Le film suit l’ascension de la carrière d’Aretha Franklin, de ses débuts d’enfant de chœur dans l’église de son père à sa renommée internationale. RESPECT est la remarquable histoire retraçant le parcours de cette icône de la musique.
Il y a des destins qui, par leur singularité, leurs multiples angles de lecture et surtout l’importance qu’ils ont pu avoir dans la conscience collective, deviennent presque impossible à traiter dans un seul film. Et ce, quelle que soit sa longueur. C’est évidemment le cas d’Aretha Franklin dont la destinée synthétise quasiment tous les codes du genre et coche toutes les cases d’une existence d’exception, fille d’un pasteur proche de Martin Luther King, activiste pour les droits civiques et pour celui des femmes, orpheline de mère à l’âge de 10 ans, mère à 12 ans, et un début de carrière qui l’amèneront à devenir une icône soul incontestable recevant les plus hautes distinctions tout au long de sa carrière et de sa vie.
Prévu sortir fin 2020, le film « Respect » fut l’une des nombreuses victimes de la pandémie. Le film débarqua sur nos écrans en septembre 2021 et permit à bon ombre de spectateurs de découvrir ce destin hors du commun que fut celui de cette chanteuse hors norme. Rien que pour cela l’entreprise menée par les deux producteurs Scott Bernstein et Harvey Mason Jr (NWA : Straight Outta Compton) de produire un biopic sur la « Queen of Soul » est parfaitement louable. Mais voilà, les bonnes intentions ne suffisent pas à rendre l’entreprise intéressante et convaincante. Et « Respect », justement rate le coche, par un scénario et une mise en scène qui ne parviennent jamais à totalement trouver le bon angle de narration pour mettre en lumière et donner toute l’ampleur de la vie d’Aretha Franklin.
Les scénaristes Callie Khouri (Thelma et Louise) et Tracey Scott Wilson (Fosse/Verdon) sont partis sur deux pistes : La foi et les droits civiques comme passages obligés pour retracer le destin de la chanteuse. Et comme pour toute narration classique, ils se sont attelé à tout mettre pèle mêle dans un scénario pour pouvoir raconter cette personnalité majeure de la scène musicale et politique américaine. Seulement voilà le scénario ne parvient jamais à être là où on l’attend ! Perdu dans un trop plein d’informations, de choix aléatoires, à l’instar du viol dont la jeune Aretha fut victime dans son enfance et qui donna naissance à ses deux premiers enfants. L’information est donnée, mais devient subitement anecdotique. C’est d’ailleurs le même reproche que l’on peut faire avec le traitement de la relation Père Fille, les scénaristes ne traitent jamais ce côté lié au viol, mais préfère se centrer sur une guerre d’égo, et même lorsqu’ils abordent les violences familiales, semble-t-il fréquentes à cette époque-là, les scénaristes ne parviennent jamais à l’aborder avec finesse et subtilité. Du coup, nous nous retrouvons avec un biopic, sans âme et sans grandeur.

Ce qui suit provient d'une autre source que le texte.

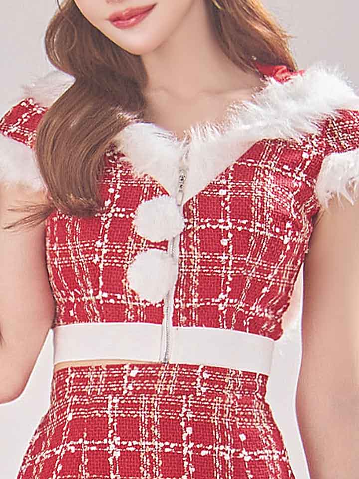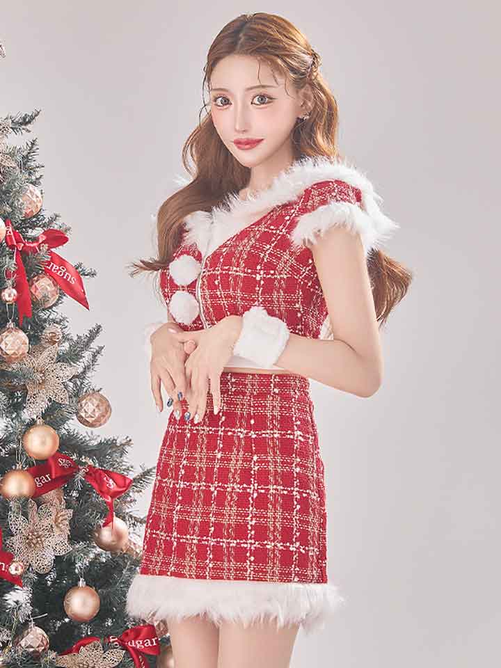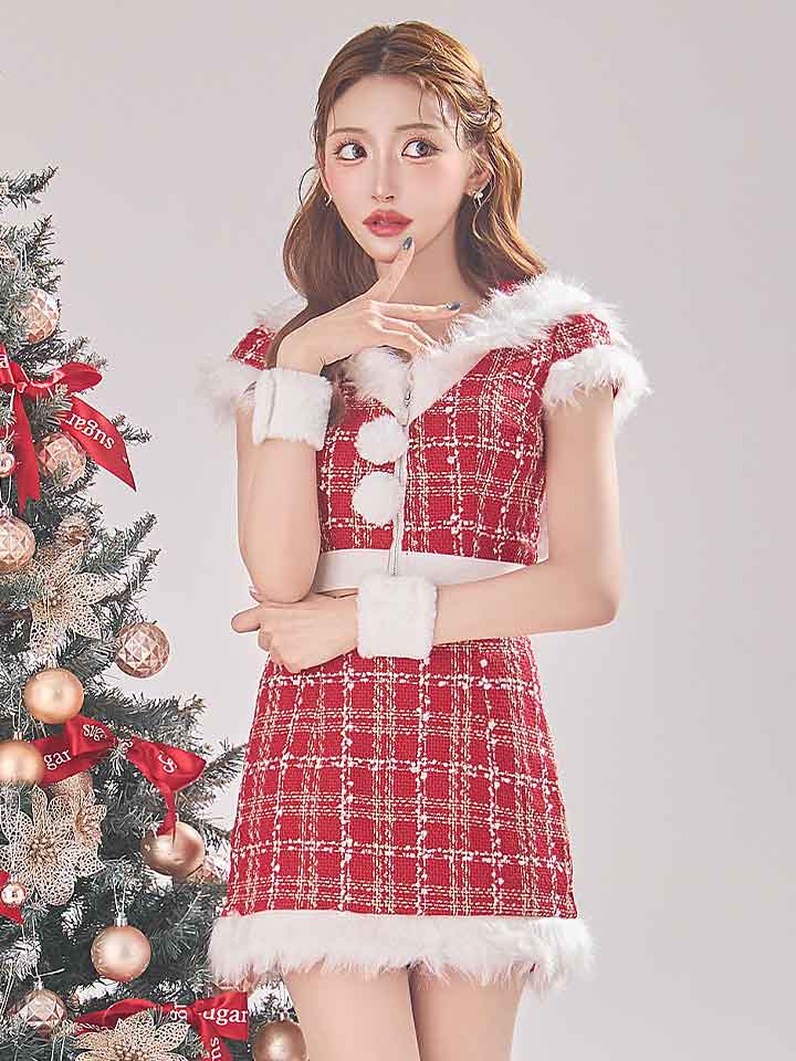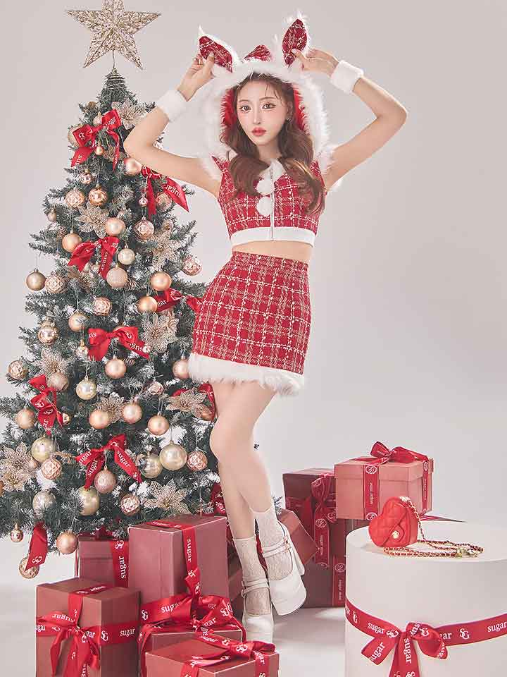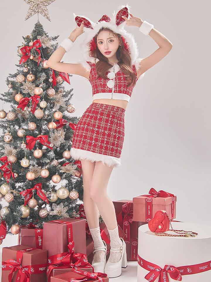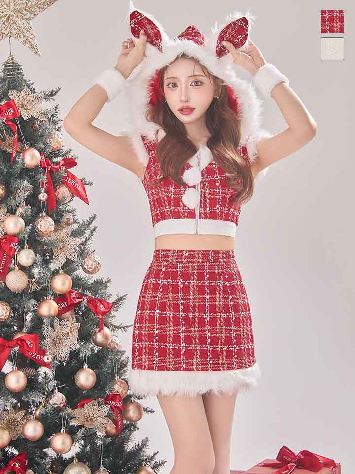 【即日発送!】【サンタコス5点セット】【XS-XLサイズ/2カラー】ツイードチェックバニーサンタコスプレ[YMT] [SS-090-YN-dzwj-W-25AS]

Et même si la mise en scène de la réalisatrice Liesl Tommy (Jessica Jones) tente parfois de trouver un plan ou une dynamique qui puisse être à la hauteur de la « Queen of Soul », comme la mise en scène des chansons et particulièrement de « Respect », ou encore cette mise en scène de la scène finale, notamment lors de l’enregistrement de l’album Gospel d’Aretha Franklin. Mais voilà, tout le reste sonne creux et sans signature. Lorsque le générique de fin débute, nous prenons plus de plaisir à voir et à entendre la véritable Aretha Franklin sur scène devant le président Obama et un parterre de célébrités émus devant le charisme et la puissance vocale de la diva, que devant tout le film. Car a trop vouloir ou pas assez dire sur la star, les scénaristes et la réalisatrice passent totalement à côté de toutes les nuances et toutes les facettes de cette artistes, bien plus nuancées et plus complexe que le film ne tente maladroitement de nous la révéler.

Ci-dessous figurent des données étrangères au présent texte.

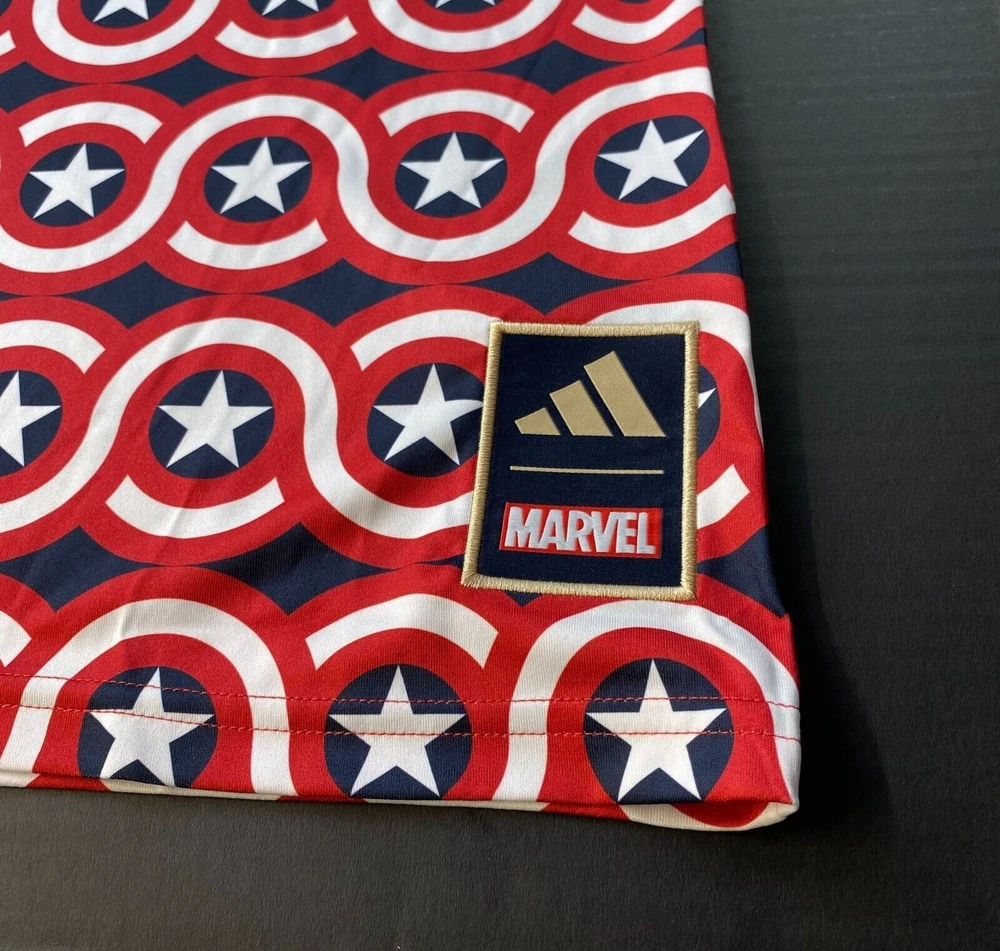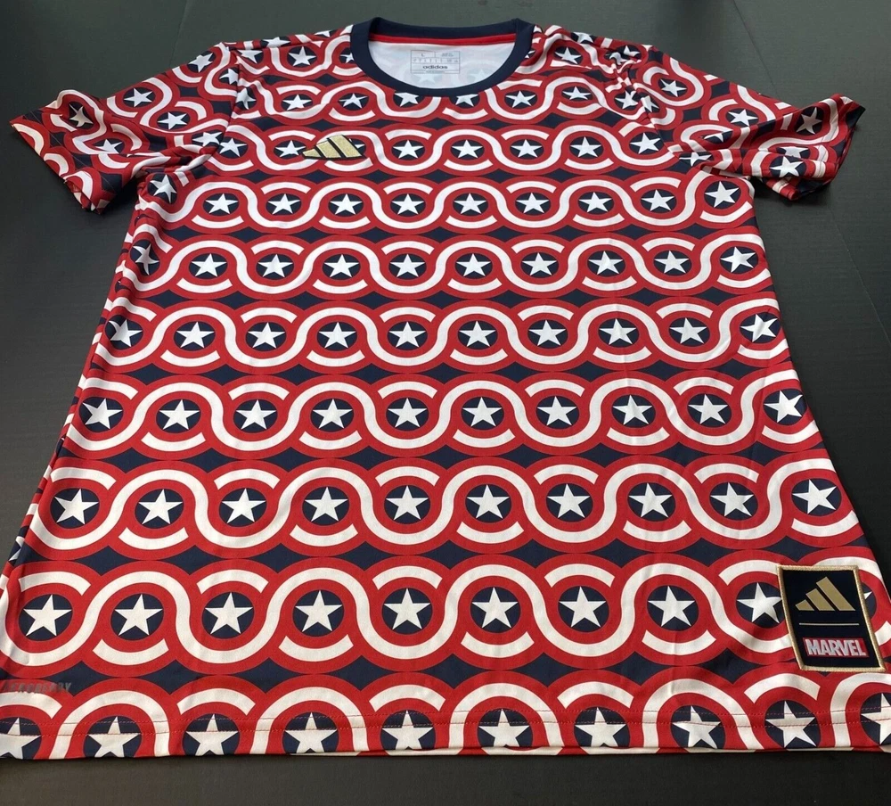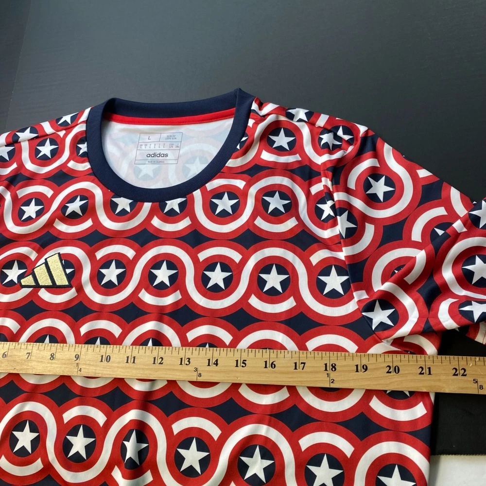 Adidas Marvel Captain America Shirt Size Large Slim Fit Red White & Blue mens new comes from a smoke and pet free place, you can contact us if you have questions. Please note that some photos may not show accurate shades. Photos are of the actual item you will receive. See photos for details. NEW. Please see photos for measurements

Et ce ne sont pas les efforts de Jennifer Hudson (Dreamgirls) qui viendront dire le contraire. Car si l’actrice chanteuse se révèle bouleversante dans le rôle d’Aretha Franklin, elle ne parvient pas à sauver le film, notamment à cause de scènes étonnamment ridicule comme lorsque Aretha tente un hommage sur scène à l’artiste qu’elle adule Dinah Washington et qu’elle se prend l’ire publique de cette dernière. La distribution est trop enfermée dans un carcan imposé par la réalisatrice et par es producteurs pour être totalement convaincants. Même Forest Whitaker (Good Morning Vietnam), pourtant impeccable dans le rôle du pasteur C.L. Franklin, ne parvient pas à sauver le film.